Dettes, errance, désespoir, embrigadement et, pour finir, la vie entre quatre murs. Alors qu’il est détenu au centre de détention de Ploemeur, Mohamed Mahamoud sort de son silence. Il fait la rencontre d’une femme au caractère bien trempé. Maryvonne Le Naour, licenciée à quatre ans de la retraite, décide de s’investir dans l’association socioculturelle de la prison. La Finistérienne y donne des cours de français.
« Tout m’a bouleversé »
Ces deux-là vont s’apprivoiser. « Son histoire m’obsédait un peu, se souvient Maryvonne.Cela m’a plongé dans un univers que je ne connaissais pas. Tout m’a bouleversé. » Suffisamment pour qu’elle se tourne vers la Cimade, une association qui défend les droits des personnes étrangères. « Je savais que si Mohamed était renvoyé un jour en Somalie, il serait tué. » Elle se démène, se surinvestit, l’accompagne à tous les rendez-vous : « On ne peut tout de même pas laisser quelqu’un sur le bord de la route, non ? »

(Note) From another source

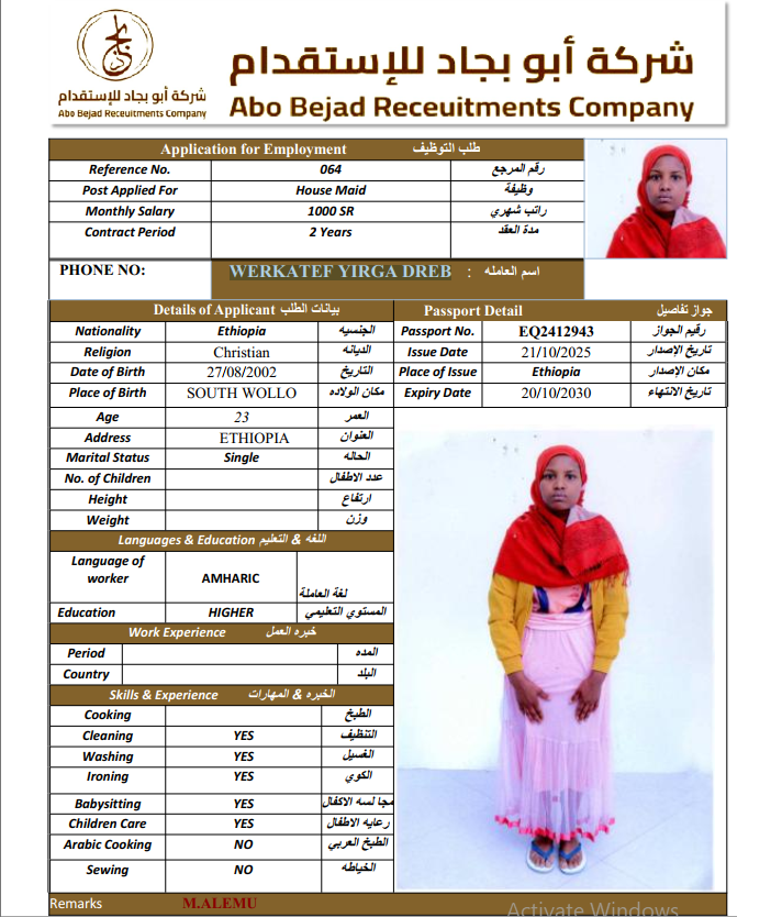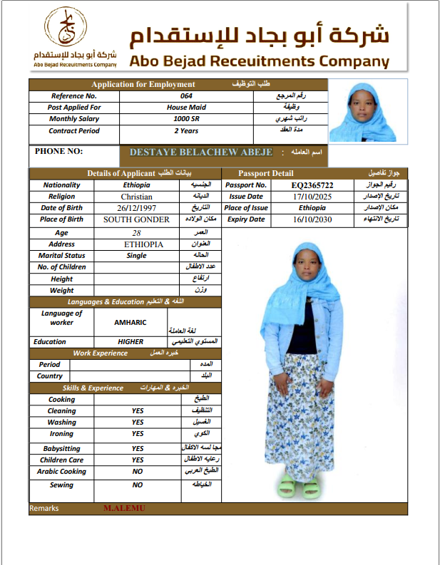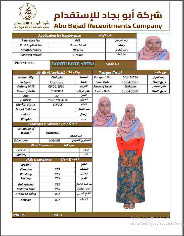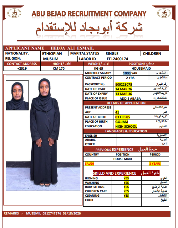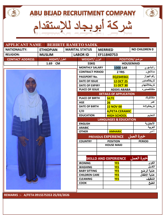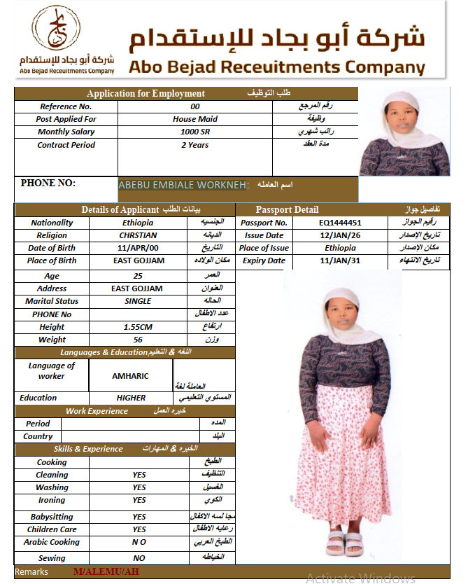 المهنة : عاملة منزلية
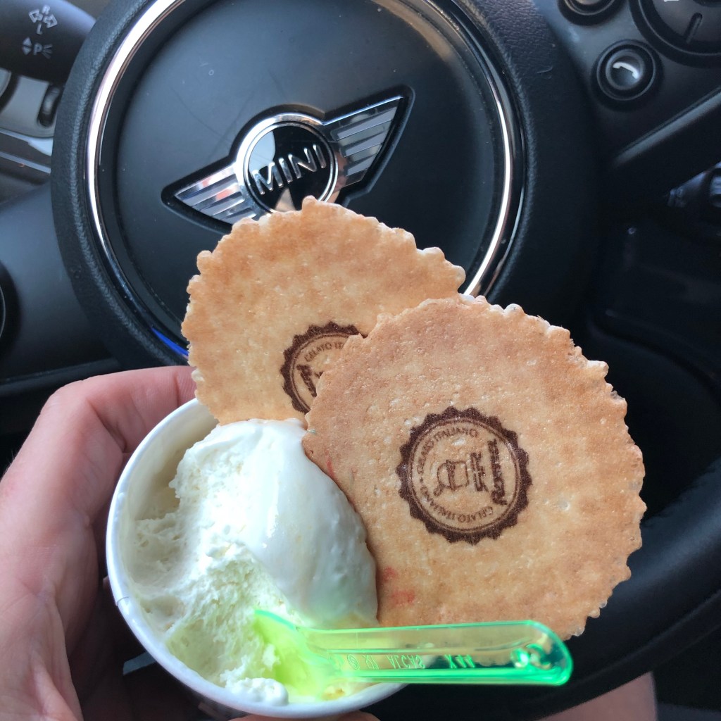 Vanavond eten we met z’n 3-tjes bij de plaatselijke shoarmatent en voordat we naar huis gaan halen we eerst nog even een toetje bij de ijssalon. Vanwege de hitte eten we die maar in de airco van de auto op.

À la Cimade, elle fait la connaissance de Mina Scheidle, également bénévole à Emmaüs. La communauté finistérienne accepte Mohamed : il obtient un travail solidaire, puis une liberté conditionnelle. Ses dimanches, il les passe chez Maryvonne : « Les copains d’Emmaüs blaguaient. Ils me disaient que j’allais chez ma mère. » Sourires entendus. Son premier « argent de poche », Mohamed le dépense pour offrir un bracelet à sa maman de cœur.
Et maintenant ? « Mon projet, je ne sais pas si c’est possible, c’est vivre comme tout le monde, ne faire de mal à personne. » Il le dit : « Si la situation était stable dans mon pays, j’y retournerais. » Mohamed a demandé l’asile. L’office français de protection des réfugiés et apatrides a rejeté sa demande en juin. « Je n’aime pas le mot sans-papiers. En Somalie, pays en guerre, des pêcheurs kényans, éthiopiens, travaillaient comme nous. On ne leur demandait pas de papiers. »
Mohamed est, aujourd’hui, dans l’attente d’une décision de la Cour nationale du droit d’asile auprès de qui il a déposé un recours.